If seeing kids with emergency blankets brings back memories, it's because it was replicated from this widely seen footage. 

Back in June, this government video of migrants sitting in cells at a Texas detention facility quickly became the unflattering face of the Trump administration's "zero-tolerance" policy. Trump himself cited the footage as a reason why he eventually ended the practice of separating families after they were caught crossing the U.S. border illegally.

A month before The Black Eyed Peas recreated that footage, rapper Logic did the exact same thing in the music video for his song "One Day." That re-enactment went beyond just showing migrants in detention.

Its opening scene showing a migrant who's forced to give her young child to border agents is, of course, reminiscent of actual photos captured last summer.

A few days after publishing that music video, Logic performed "One Day" at the 2018 MTV Video Music Awards with dozens of immigrant parents and children onstage. 

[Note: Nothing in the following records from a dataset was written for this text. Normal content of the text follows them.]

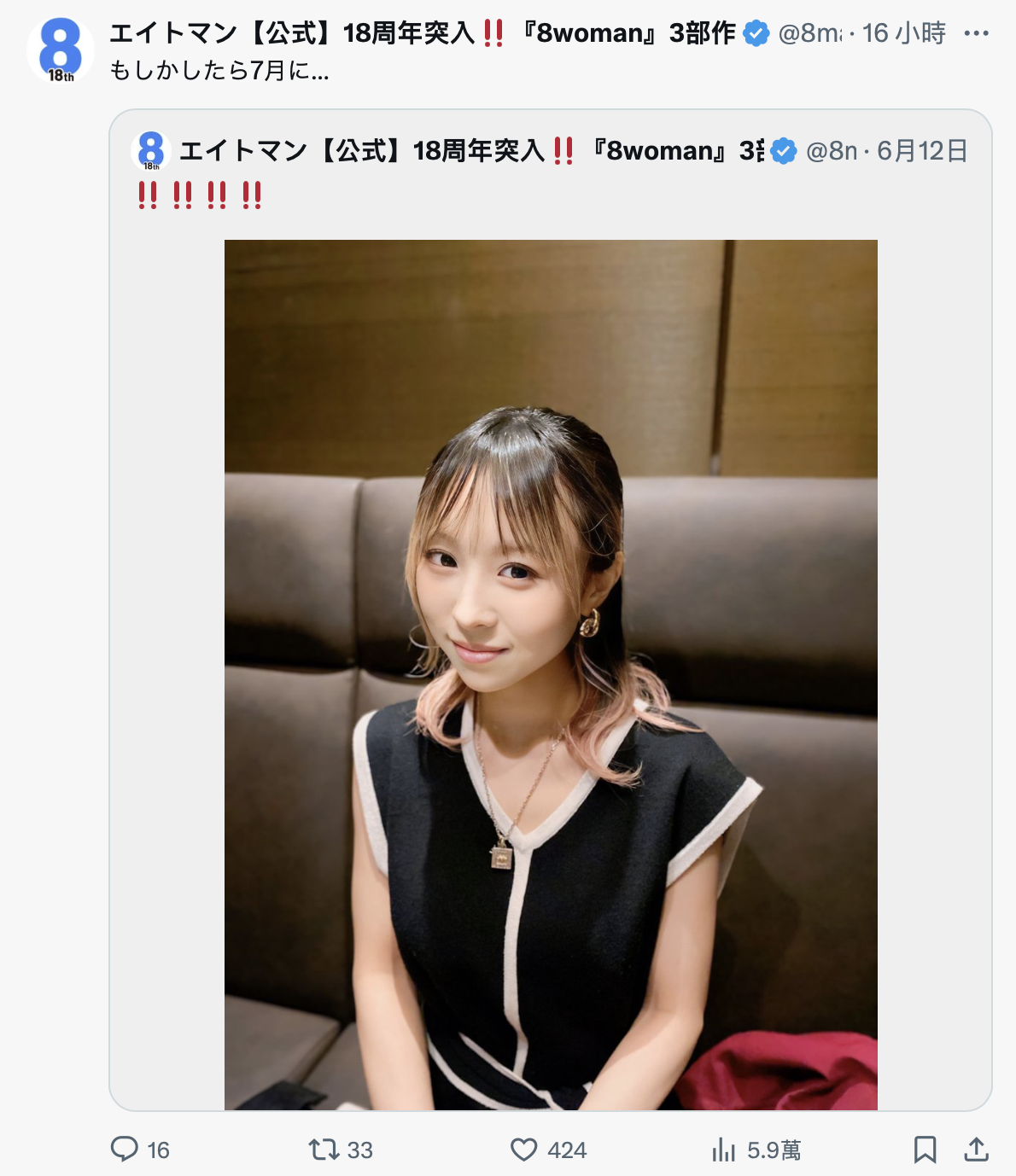 从这两位女优大概就可以知道エイトマン(8MAN)的问题所在,一般经纪公司在预告超级新人出道或是资深战将回归时多半不会让大家等太久的时间,但这家经纪公司只要有一点点进展就急着报告给大家知道,偏偏AV女优不确定性有够高,所以大家不只看到消息要等很久而且这家经纪公司还会漏气给大家看:
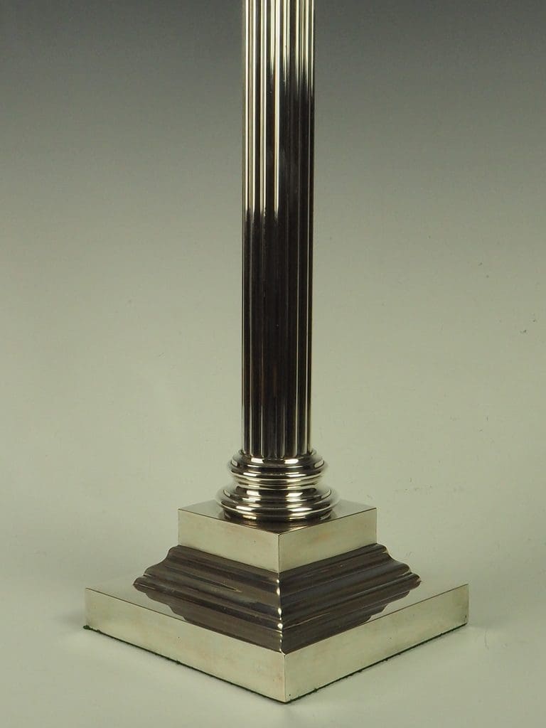 The silver-plated fluted Corinthian column and four-stepped base are in excellent condition, showcasing minimal signs of wear consistent with age.
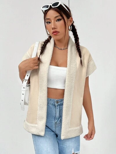 Contrast Fuzzy Trim Open Front Coat-60%
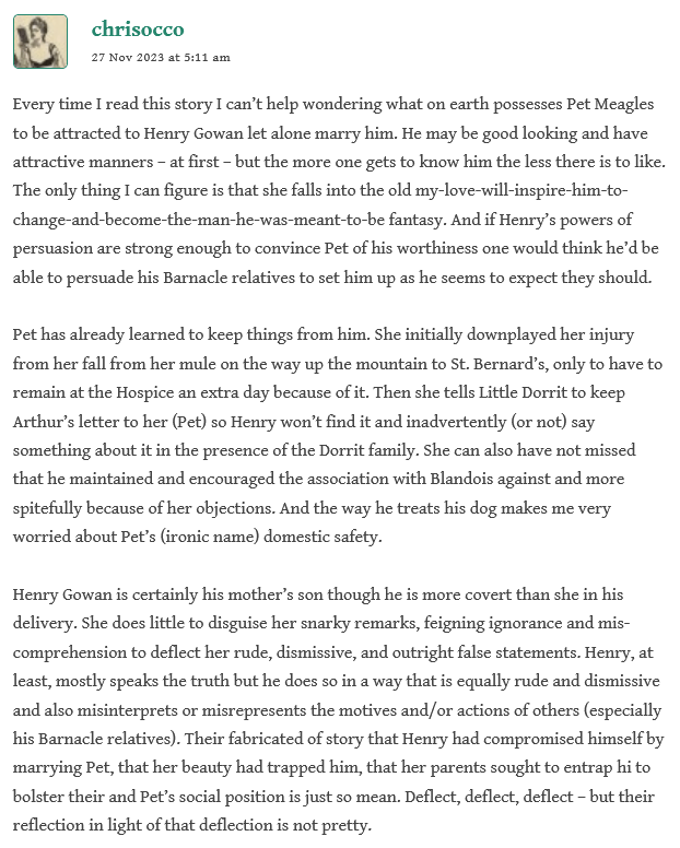 “What on earth possesses Pet Meagles to be attracted to Henry Gowan”? Chris considers this:
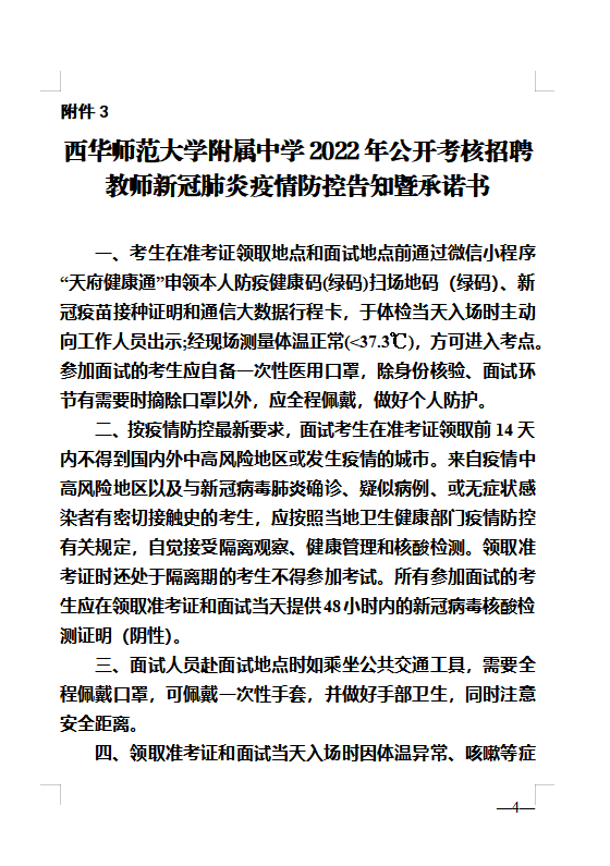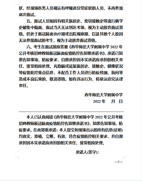 1.面试考生到达面试地点前签署《西华师范大学附属中学2022年公开考核招聘教师新冠肺炎疫情防控告知暨承诺书》(附件3)。凡谎报、瞒报旅居史、接触史、健康状况等疫情防控信息,不配合工作人员进行防疫检查、询问等造成不良后果的,取消聘用资格;如有违法情况,将依法追究相应法律责任。
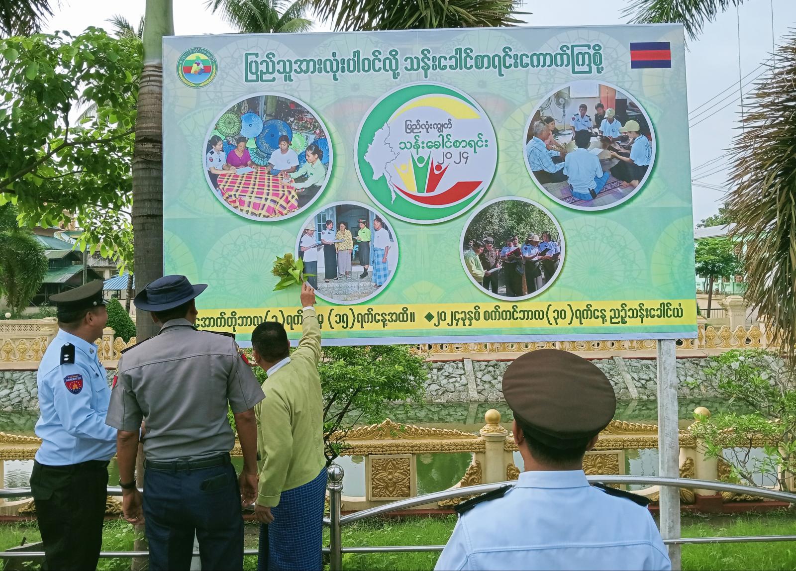 အဆိုပါ ၂၀၂၄ ခုနှစ် လူဦးရေနှင့်အိမ်အကြောင်းအရာသန်းခေါင်စာရင်းကောက်ယူနိုင်ရေးအတွက် လူထုအသိပညာပေး Bill Board စိုက်ထူခြင်းကို မြို့နယ်စီမံအုပ်ချုပ်ရေးအဖွဲ့ဥက္ကဋ္ဌ ဦးထွန်းထွန်းလင်း၊ မြို့နယ်ရဲတပ်ဖွဲ့မှူး ရဲမှူးဇော်ဝမ်း၊ မြို့နယ်လူဝင်မှုကြီးကြပ်ရေးနှင့် ပြည်သူ့အင်အားဆိုင်ရာဦးစီးဌာန ဦးစီးအရာရှိ ဦးဖုန်းနိုင်တို့က ဖဲကြိုးဖြတ်ဖွင့်လှစ်၍ အမွေးနံ့သာ ပက်ဖြန်းခဲ့ကြသည်။ အခမ်းအနားသို့ မြို့နယ်စီမံအုပ်ချုပ်ရေးအဖွဲ့ဥက္ကဋ္ဌ ဦးထွန်းထွန်းလင်းနှင့် အဖွဲ့ဝင်များ၊ မြို့နယ်လူဝင်မှုကြီးကြပ်ရေးနှင့်ပြည်သူ့အင်အားဆိုင်ရာဦးစီးဌာန ဦးစီးအရာရှိ ဦးဖုန်းနိုင်နှင့်ဝန်ထမ်းများ၊ ဌာနဆိုင်ရာအကြီးအကဲများ တက်ရောက်ခဲ့ကြပြီး ပြည်သူအားလုံးပါဝင်လို့ သန်းခေါင်စာရင်းကောက်ကြစို့ အသိပညာပေး လက်ကမ်းစာစောင်များ ဖြန့်ဝေပေးခဲ့ကြသည်။
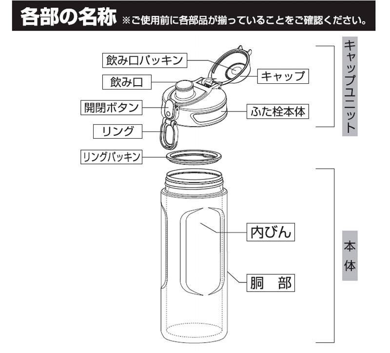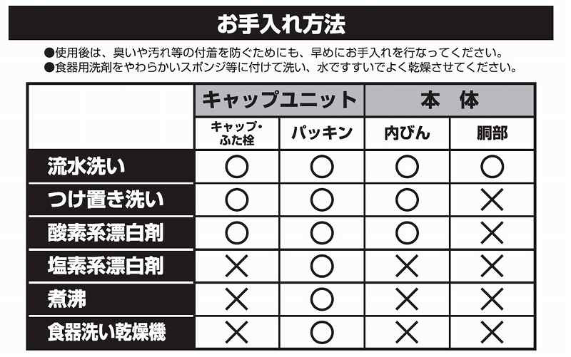 仕様1 材質:内びん=ステンレス鋼 胴部=ステンレス鋼(ポリエステル粉体塗装) ふた栓・キャップ=ポリプロピレン(耐熱温度100度・耐冷温度-20度) 開閉ボタン・リング=ABS樹脂(耐熱温度80度・耐冷温度-20度) パッキン=シリコーンゴム(耐熱温度180度・耐冷温度-20度)
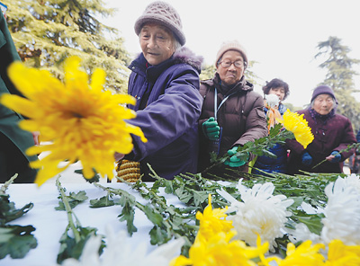 南京大屠杀幸存者和遇难者家属代表向30万遇难者献花。
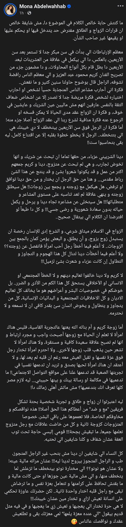 وفي منشورها الذي رصده موقع تحيا مصر عبّرت منى عبد الوهاب عن رفضها لطريقة تناول الجمهور والإعلام لهذه القضية، مؤكدة أن الحياة الشخصية ليست مجالًا للحكم أو التقييم، وقالت عبد الوهاب في بداية حديثها:
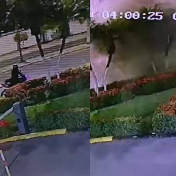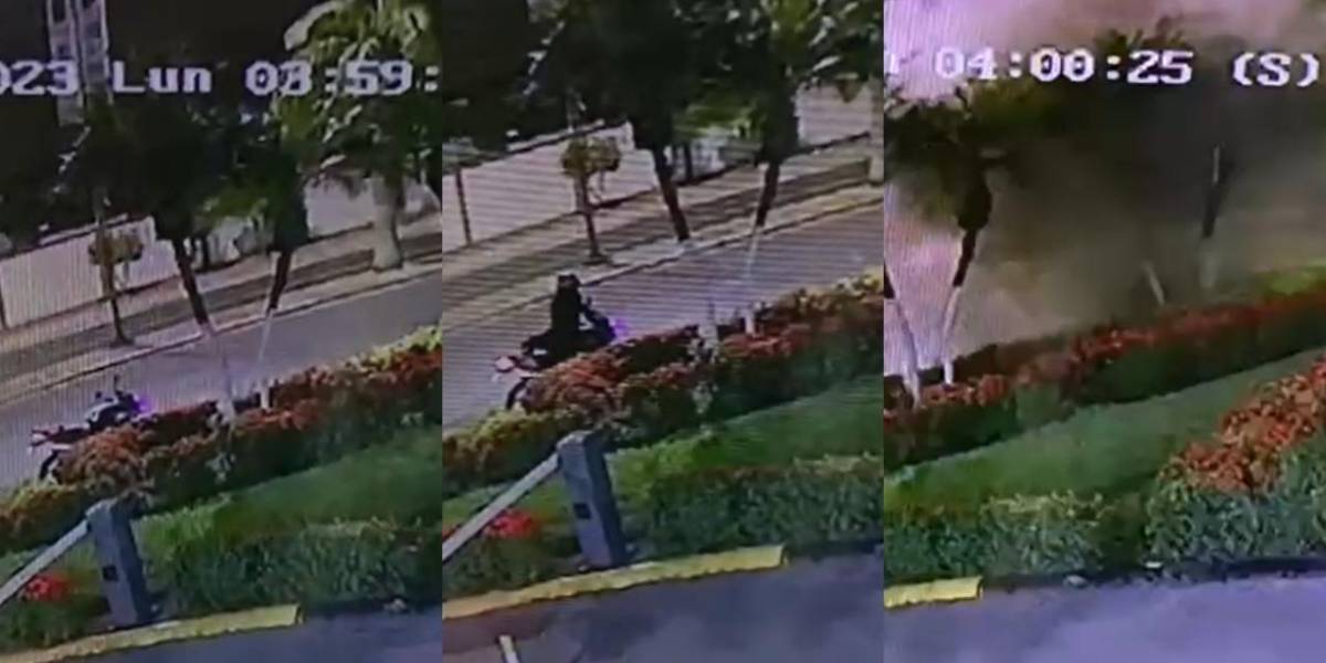 La explosión ocurrió a las 04:00. Una cámara de videovigilancia captó el momento en que el sujeto puso el petardo junto a una jardinera e inmediatamente huye del sitio. Instantes después sucede la detonación.
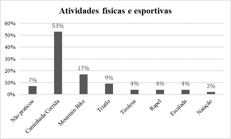 Observa-se que 4% da amostra praticou rapel e escalada, mesmo sendo proibidos no Peit, e 9% praticou o triatlo, modalidade que combina natação, ciclismo e corrida. Resultados similares foram encontrados por Tahara e Schwartz (2003) em estudo realizado no Parque das Cachoeiras e da Cachoeira do Paraíso, em Ipatinga/MG, que investigou as principais atividades de aventura na natureza usufruídas no âmbito do lazer; e por Garcia, Kowalski e Alves (2009), que procuraram compreender a visão do público que visita o espaço natural público da Mata do Paraíso, em Viçosa-MG. Assim como no Peit, nesses espaços o conteúdo cultural mais praticado foi o de interesse físico-esportivo, sendo desenvolvidas atividades de caminhada em trilhas, rapel e escalada.
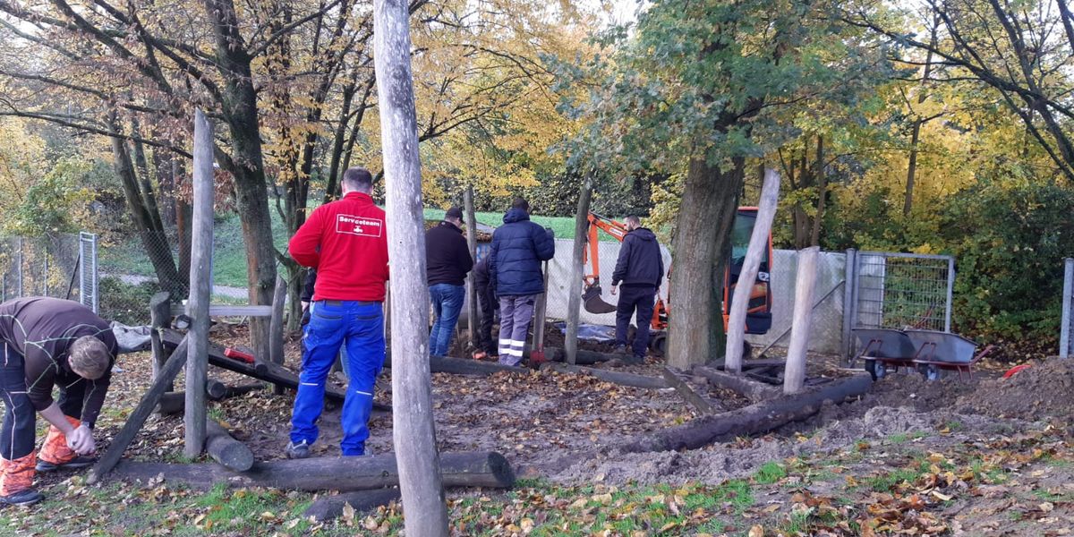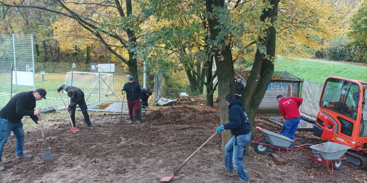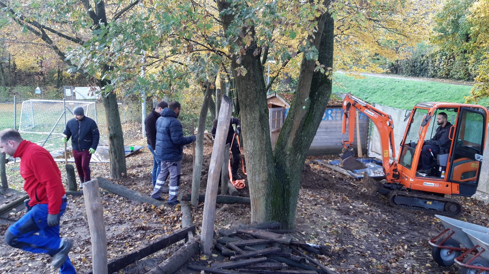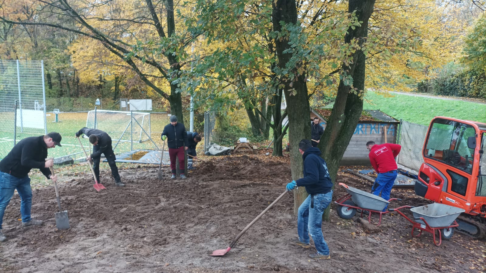 Am Samstag 19.11.2022 trafen sich viele fleißige Helfer im Garten unserer Sportkita, um den alten Sandkasten auszuheben.
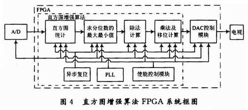 图4给出了直方图增强算法的FPGA系统框图,A/D转换后的14 b数据流进入直方图统计模块计算每一像素点的直方图,根据设定好的分位数计算图像中像素的最大值和最小值。在每一帧有效数据结束后,根据直方图统计得到的最大值和最小值,计算灰度映射的除法,这样每帧只需计算1次除法,而不用对每一像素进行除法计算。之后对得到的因子对每一像素进行乘法及移位计算即可得到直方图增强算法处理后的图像数据。增强后的图像数据通过DAC控制模块送入电视显示。
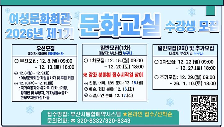 뉴한국방송뉴스통신사 신유철기자 기자 | 부산시 여성문화회관은 오는 내일(8일)부터 '2026년 제1기 문화교실' 수강생을 모집한다고 밝혔다.
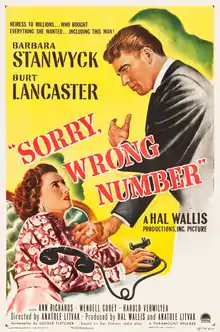 Sorry, Wrong Number is a 1948 American thriller film noir directed by Anatole Litvak,[2] from a screenplay by Lucille Fletcher, based on her 1943 radio play of the same name. The film stars Barbara Stanwyck and Burt Lancaster, with Ann Richards, Wendell Corey, and Harold Vermilyea. Stanwyck was nominated for the Academy Award for Best Actress. It is one of the few pre-1950 Paramount Pictures films, which remained in the studio's library (the rest are currently owned by NBCUniversal).
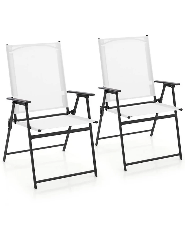 Slickblue Set of 2 Patio Folding Sling Chairs Space-saving Dining Chair-Grey
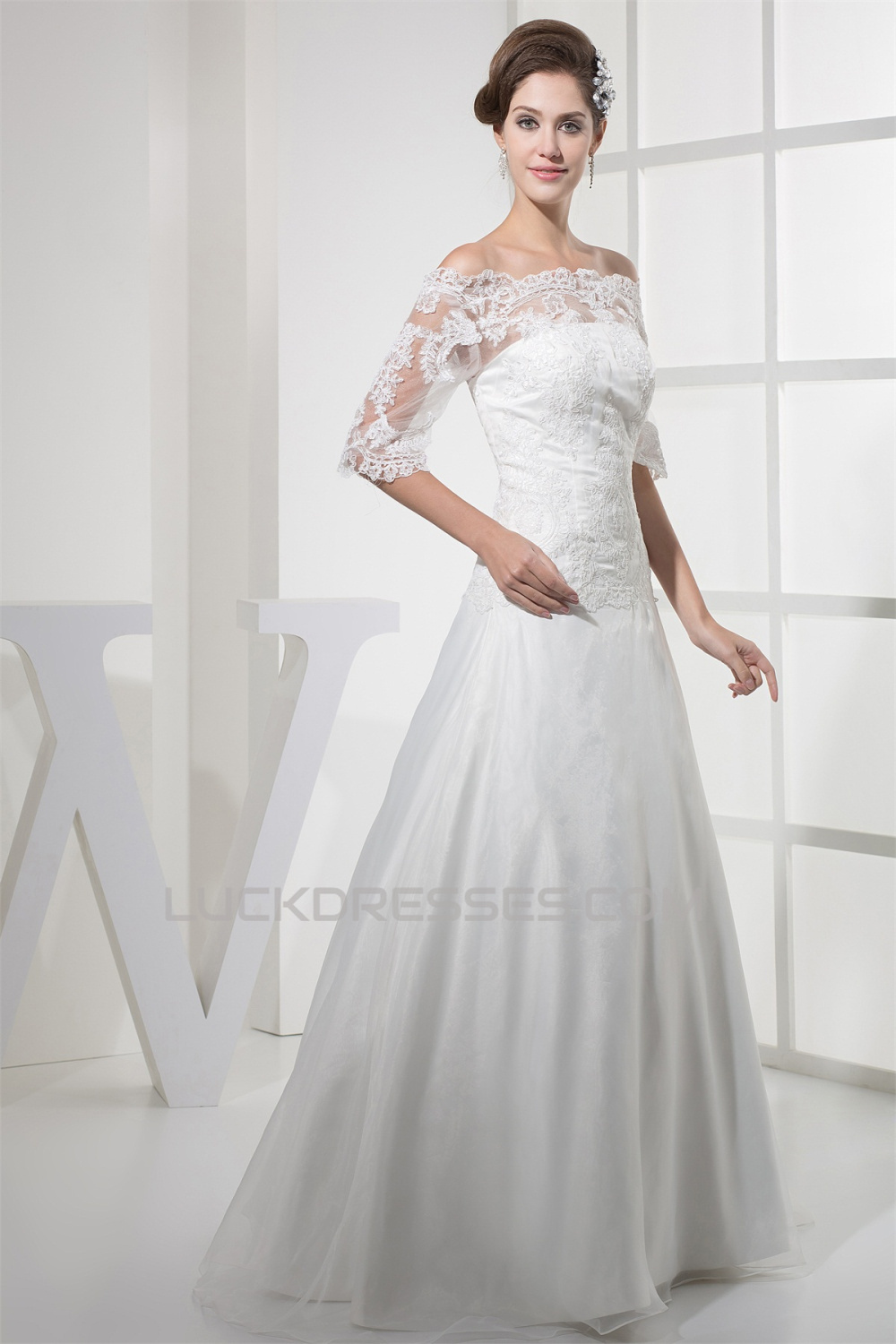 A-Line Off-the-Shoulder Half Elbow Sleeve Floor-Length Sweet Wedding Dresses 2030169

Obviously, there's a long tradition of songwriters, especially rappers, using their music to analyze, protest and comment on social issues. But the fact that multiple well-known musicians have decided to re-enact similar scenes confirms that the separation of families at the border will be remembered as a defining moment of the year.

The images of children in cells and the leaked audio of these kids crying for their parents prompted some of the largest protests of the year. That, in turn, led to an increase in the number of Americans — both liberals and conservatives — who said they saw immigration as the nation's top problem.

And while the nation's attention has somewhat turned away from separated migrant families, more than 400 kids remain in government-run shelters without their parents.

That's either because their parents were deported without them or because the government is concerned that their parents may pose a danger to them.

As for Logic, he said of his video: "Making music is fun, but music with a message is so more important!!!"

And The Black Eyed Peas announced proceeds from their song will benefit the March for Our Lives organization, which advocates for gun control, and Families Belong Together, which protests against the Trump administration's immigration policies. The video ends with a message encouraging viewers to vote.